La prévention des douleurs dorsales liées aux vibrations est avant tout de nature technique. L'amélioration des suspensions des véhicules, des voies de circulation et l'adaptation de sièges à suspension aux véhicules en sont les éléments indispensables. Pour offrir plus de confort et d'eficacité, le siège doit permettre un réglage spécifique à chaque conducteur. Enfin l'entretien et le remplacement des sièges usagés sont indispensables à une prévention effective.

La prévention technique implique également la limitation des temps d'exposition aux vibrations d'autant plus que les vibrations sont très souvent associées au maintien d'une posture assise parfois inconfortable. Cette double contrainte ne peut être prolongée. Un arrêt toutes les deux heures pour s'étirer, bouger, marcher est indiqué, même s'il ne dure que quelques minutes.
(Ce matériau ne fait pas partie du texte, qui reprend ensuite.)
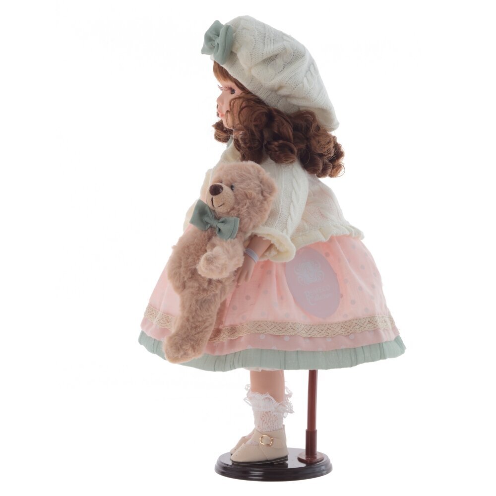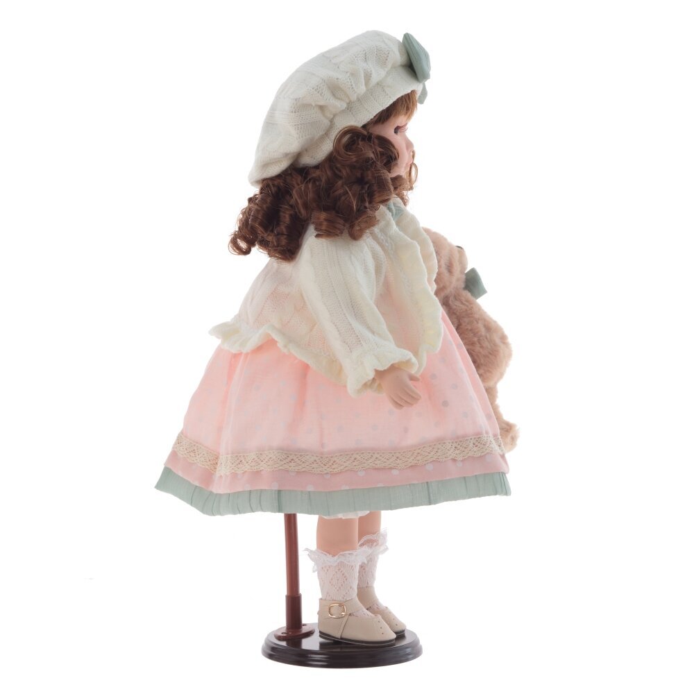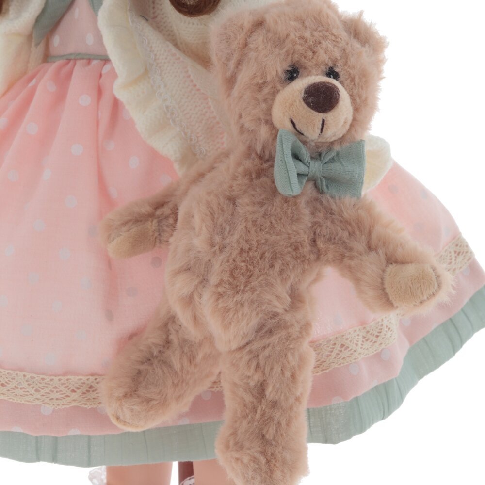 Кукла, созданная с любовью и вниманием к деталям. Она очаровывает своим нежным взглядом, милой улыбкой и трогательной простотой. Платье, украшенное кружевом и тесьмой, подчёркивает женственность и изящество куклы. А мягкий плюшевый медвежонок, которого она бережно держит в руке, добавляет образу трогательности и уюта. Деревянная подставка, на которой стоит кукла, добавляет ей устойчивости и завершает образ. Кукла станет чудесным подарком для девочки, а также для коллекционеров кукол. Она украсит любой интерьер и подарит своим обладателям тепло и душевную радость.
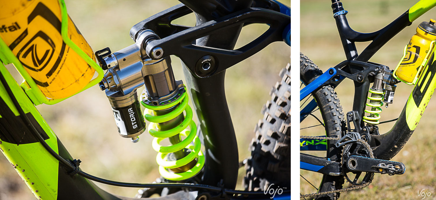 Le débattement est de 155mm avec un amortisseur Stendec Extreme Shox Storia. « Il s’agit du seul amortisseur à ressort équipé d’un blocage, indispensable pour les liaisons. Il dispose d’un réglage de la compression hautes et basses vitesses, ainsi que du rebond. On l’équipe d’un ressort acier light en 350 avec peinture custom pour le vélo. Il est règlé avec un SAG de 27%. »

Pour terminer, pensez à effectuer des mouvements de gymnastique du dos. Vous en trouverez dans de nombreuses revues spécialisées. Les méthodes de relaxation sont également recommandées pour : décontracturer les muscles (effets rapides), la recherche de la tension optimum pour effectuer un mouvement, le rééquilibrage des forces, l'entretien de la ceinture abdominale (prévention).